**Data listing**
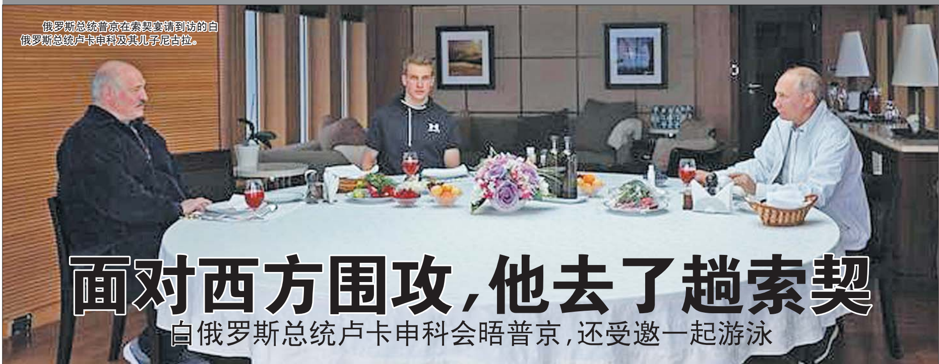
俄罗斯总统普京在索契宴请到访的白俄罗斯总统卢卡申科及其儿子尼古拉。
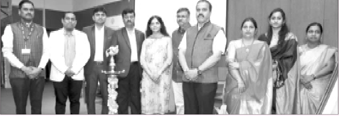
Lamp Lighting by the dignitaries for Global Alumni Meet 2k23.

JSS Academy of Technical Education, Bengaluru organised Global Alumni Meet-2k23 on 28.2.2023 at its campus as part of its Silver Jubilee Celebrations.
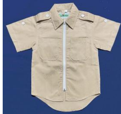
■上着（半袖） ¥6,270 (税込) 単位：cm
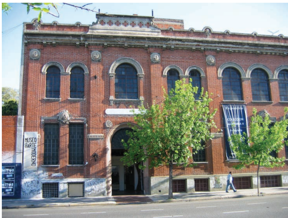
2. Muzej moderne umetnosti Buenos Aires, 2005.
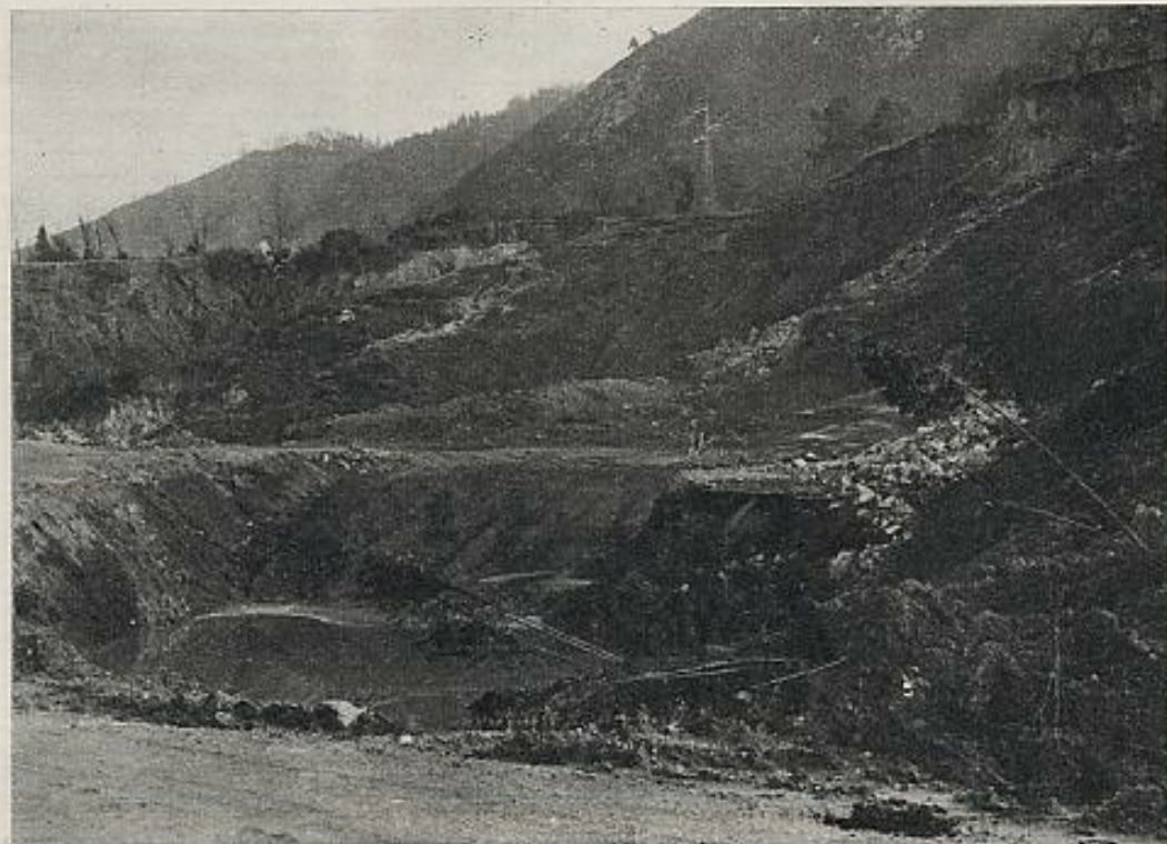
En vista de la anarquía de la iniciativa privada, sólo la planificación estatal puede resolver el problema de Caravia. En la foto, la cantera de San Lino.

En contradicción con los datos de la empresa, el informe SADEI y
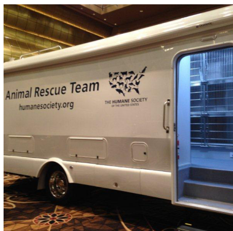
TIR ATREZZATO UTILIZZATO IN EMERGENZA
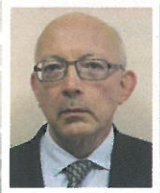
Didier COURTOIS DGFIP
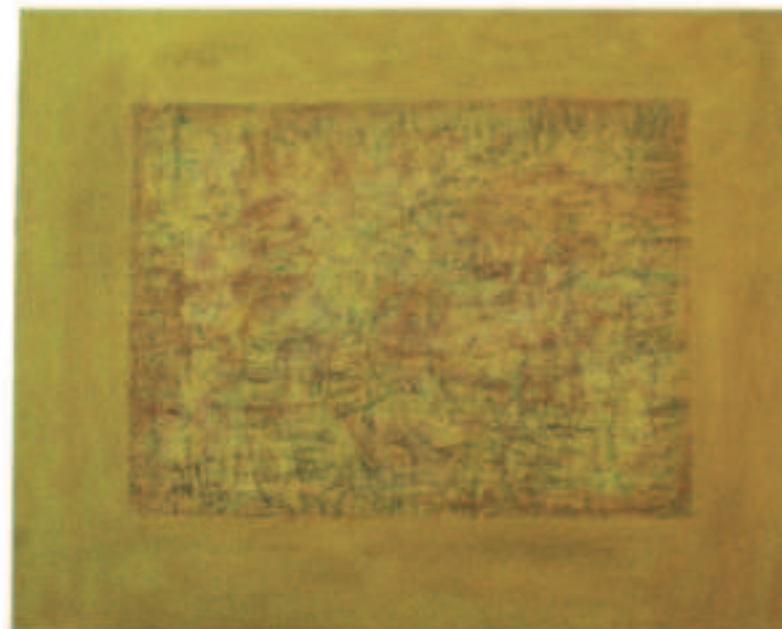
Gelb – gebändigt, Mischt./Öl a. Lwd., 80/100 cm, 2011
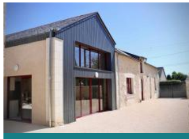
Au Logis du Prévôt
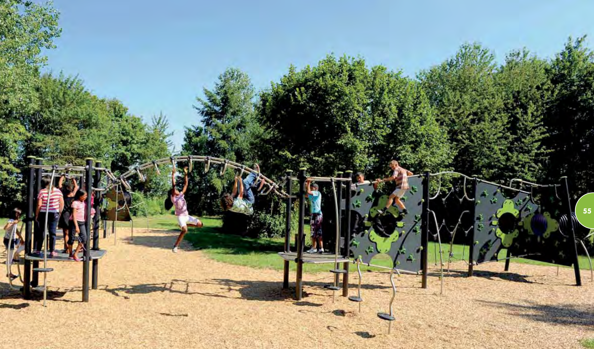
Speelterrein met een Verticale Wereld-structuur.
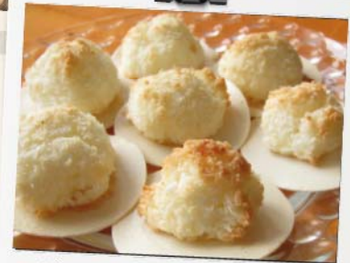
Mmmmh... Makronen wie jedes Jahr

Von guten Mächten treu und still umgeben, behütet und getröstet wunderbar, so will ich diese Tage mit euch leben und mit euch gehen in ein neues Jahr.
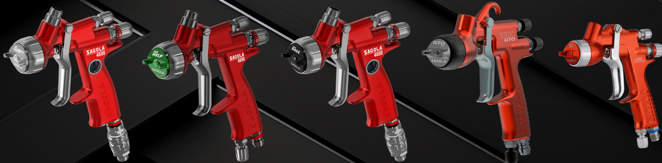
DVR CLEAR PRO SAGOLA 4600
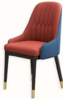
CHAISE - BELLA
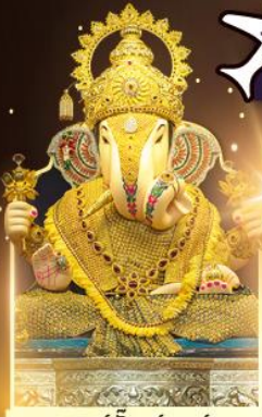
องค์ดึกขูที่พิเศษผู้
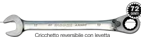
Cricchetto reversibile con levetta
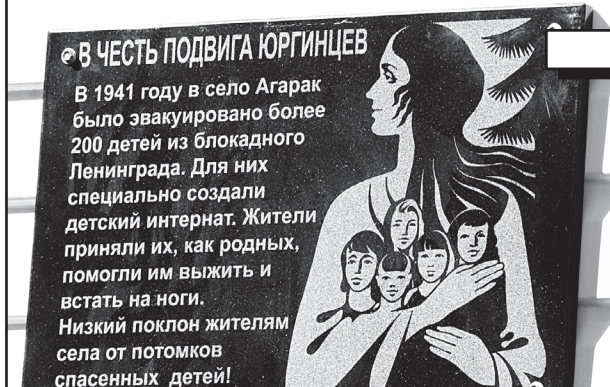
Вслед за событием

И вот настал торжественный момент – кульминация мероприятия. Красная ткань слетает с
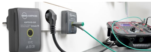
ADPTR-PE-EUR Socket Check Adapter Schuko PE
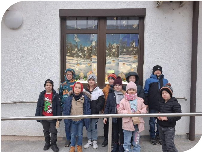
Adventfenster der Gemeinde
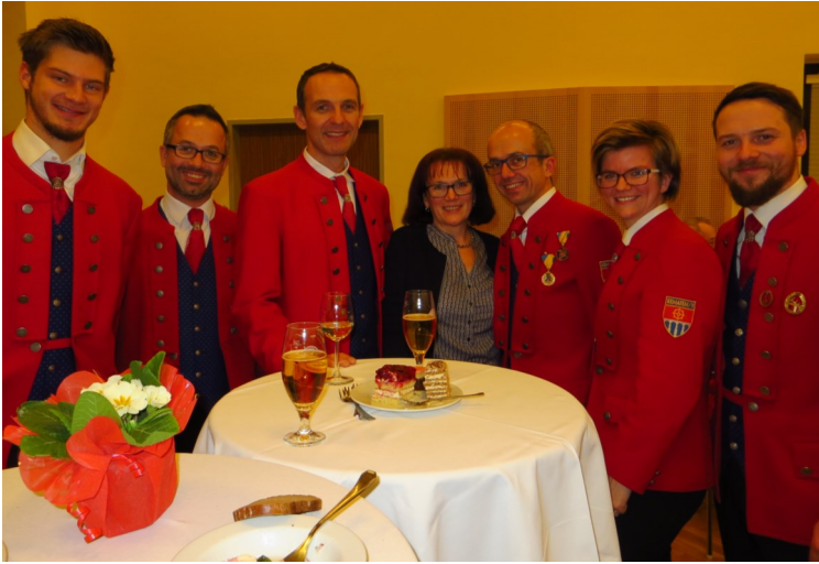
Der Musikverein Hilm-Kematen sorgte bestens für die musikalische Umrahmung
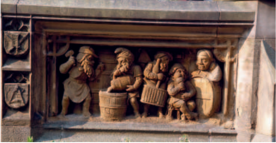
Heinzelmännchenbrunnen vor dem Brauhaus Früh am Dom
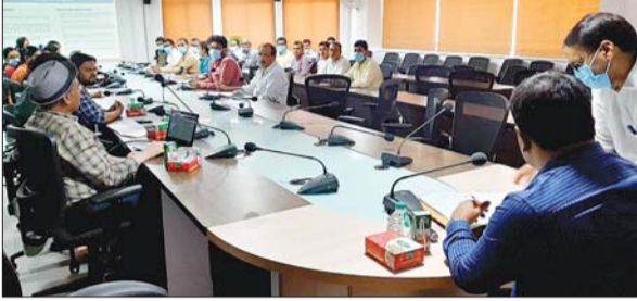
अभियान की तैयारियों को लेकर पदाधिकारियों के साथ बैठक करते पलामू डीसी ए दोड्डे।

मेदिनीनगर। पलामू जिले में 20 अप्रैल को राष्ट्रीय कृमि मुक्ति दिवस को लेकर विशेष अभियान चलाया जायेगा। इसके तहत एक से 19 साल तक के किशोर-किशोरियों को कृमि नाशक अल्बेंडाजोल की गोली खिलायी जाएगी। यह गोली जिले में सभी सरकारी व निजी विद्यालयों एवं सभी आंगनवाड़ी केंद्रों पर खिलायी जायेगी। उक्त बातें डीसी आंजनेयुलू दोड्डे ने कही। वे बुधवार को राष्ट्रीय कृमि मुक्ति दिवस की सफलता को लेकर आयोजित बैठक को संबोधित कर रहे थे। उन्होंने शिक्षा, स्वास्थ्य व
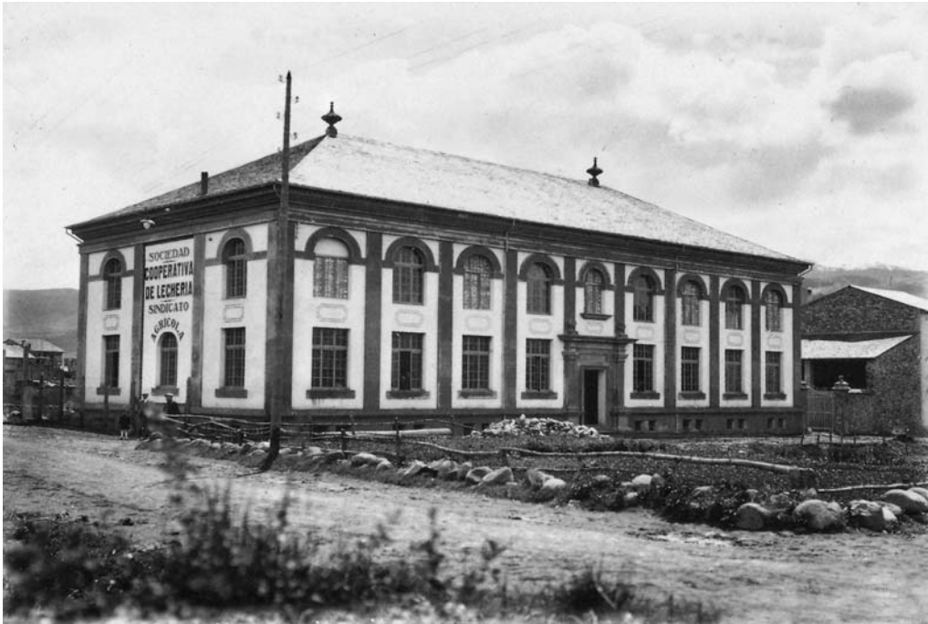
El sindicat agrícola de la Seu. Inicialment s'ubicà en un local del carrer Capdevila. L'edifici de la imatge és situat al carrer Sant Ermengol, on encara es troba actualment. Fou edificat el 1925.

l'anterior, sovint especialitzat en una branca de la producció (cellers cooperatius, sindicats de vaquers, exportadors de patates, cultivadors d'avellana). En aquestes noves associacions el discurs pairalista deixa de ser predominant i el component ideològic s'estructura sota la influència del catolicisme social, tot i que no serà de dependència confessional. Mantindran el caràcter interclassista del seu antecessor, però ara la militància serà molt més heterogènia. Així, encara que hi havia grans propietaris la majoria dels socis eren petits propietaris, arrendataris i parcers. Els nous sindicats agraris –aquest és el seu nom original– sorgiren a l'empara de la llei de la llei de sindicats agrícoles de 1906, que ofería a aquestes entitats algunes excepcions fiscals, i tingueren el suport institucional de la Mancomunitat de Catalunya a partir de 1914. 17 Crec poder afirmar, que és en aquest context històric i en el marc del segon model cooperativista on cal situar el sindicat agrícola de la Seu d'Urgell, fundat el 1915.
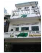
<그림 9>현대적인 튜브하우스 파사드
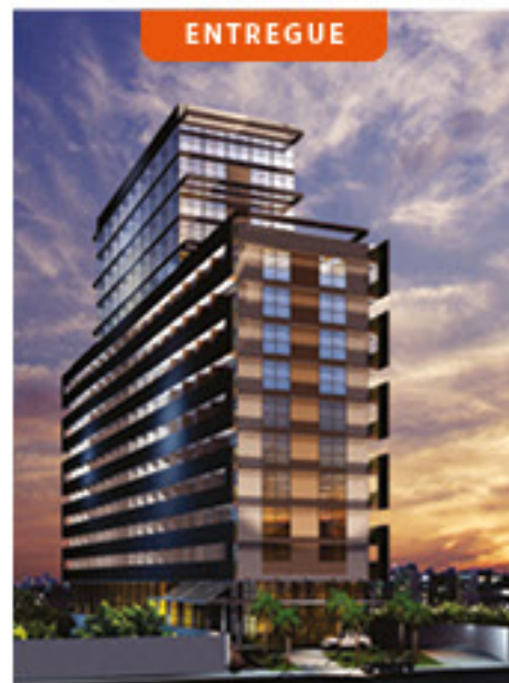
Complexo Empresarial Osasco

Osasco/SP 150 salas e 150 suítes 1 torre

**Work instruction**
All that should appear in the answer is the lines above from the line with "Au Logis du Prévôt" through the line with "CHAISE - BELLA", retyped exactly, pictures left out.

**Output for this task**
Au Logis du Prévôt
Speelterrein met een Verticale Wereld-structuur.
Mmmmh... Makronen wie jedes Jahr

Von guten Mächten treu und still umgeben, behütet und getröstet wunderbar, so will ich diese Tage mit euch leben und mit euch gehen in ein neues Jahr.
DVR CLEAR PRO SAGOLA 4600
CHAISE - BELLA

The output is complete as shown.